Сегодня было холодно, но первый день без дождя. Я шёл по лесу следом за Петром, не понимая, как в такой собачий холод дал уговорить себя пойти порыбачить. И запах «Красной Москвы» будто преследовал.
Я вспомнил, как мать не любила его, видимо, мне по наследству передалось отвращение.
Петро не умолкал ни на минуту. Мне с трудом удалось вклиниться с вопросом в его монолог:
– Откуда дорога здесь? Да ещё такая добротная? От военных, что ли, осталась?
– А, эта? Да историк у нас был, учитель. Он рассказывал, что от скифов осталось, а старики говорят, что чудь в этих местах жила, их рук дело. И я обратил внимание – начинается из ниоткуда. Вот ты заметил, когда мы на неё ступили? То-то, и я не заметил. И никогда не замечал – вроде идёшь, тропинка, лес – и вдруг ширь метра четыре и покрытие странное. И кончается так же – просто пропадает из-под ног. Но мы привыкли, не обращаем внимания. А тут березняк больше всё. Поляны большие. Покосы там знатные были. Да и сейчас есть. Военные нам всегда разрешали косить. Вроде и зона там, и колючка стоит, а поляны тянутся почти до самой вершины. Да вон она, чёрная горка-то – мы к ней с другой стороны подходим. Так сказать, с чёрного хода. Вон, видишь, тропка?

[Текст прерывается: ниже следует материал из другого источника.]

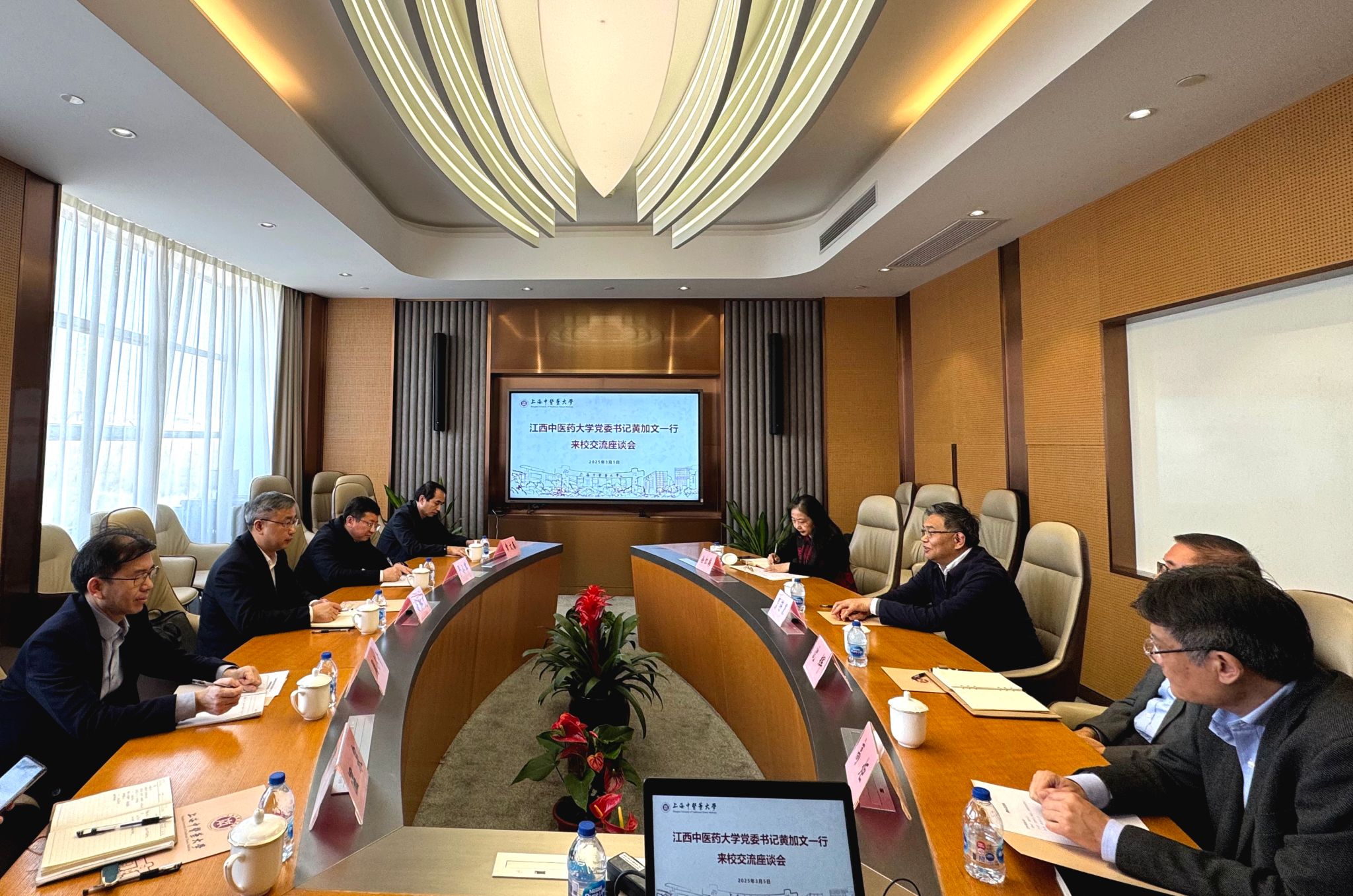 为了加快推进国家区域医疗中心建设项目——上海中医药大学附属龙华医院江西医院建设,3月21日,学校党委书记黄加文,学校党委委员、副校长、附属医院党委书记严小军等一行赴上海中医药大学及龙华医院考察交流,就国家区域医疗中心建设项目、学科建设、人才培养、科技合作等事项进行交流。上海中医药大学党委书记曹锡康,党委副书记沈辉,党委副书记、副校长孟煜,龙华医院院长陈昕琳等陪同。

Я кивнул, с интересом рассматривая гору. Здесь она была гораздо веселее, чем виделась от ограды военного городка. Склон более пологий, покрытый цветущим разнотравьем; густо жужжали пчёлы, радуясь первому солнечному дню. Ничего необычного, ничего зловещего, только дальше, у самой вершины невысокой горки, торчал чёрный частокол пихт.

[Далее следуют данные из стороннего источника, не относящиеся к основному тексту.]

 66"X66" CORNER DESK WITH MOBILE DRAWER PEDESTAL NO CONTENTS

– А мы к озеру идём. Кривая Пучина называется. Не поверишь – дна нет! Бездонное. С виду небольшое озерцо, вода чистая, прозрачная – рыбу видать. С того места, куда идём – песочек на дне, а дальше – неожиданно дно из-под ног уходит и всё. Сколько там метров глубины – неизвестно.
– А что ж не измерил? Или приборов нет?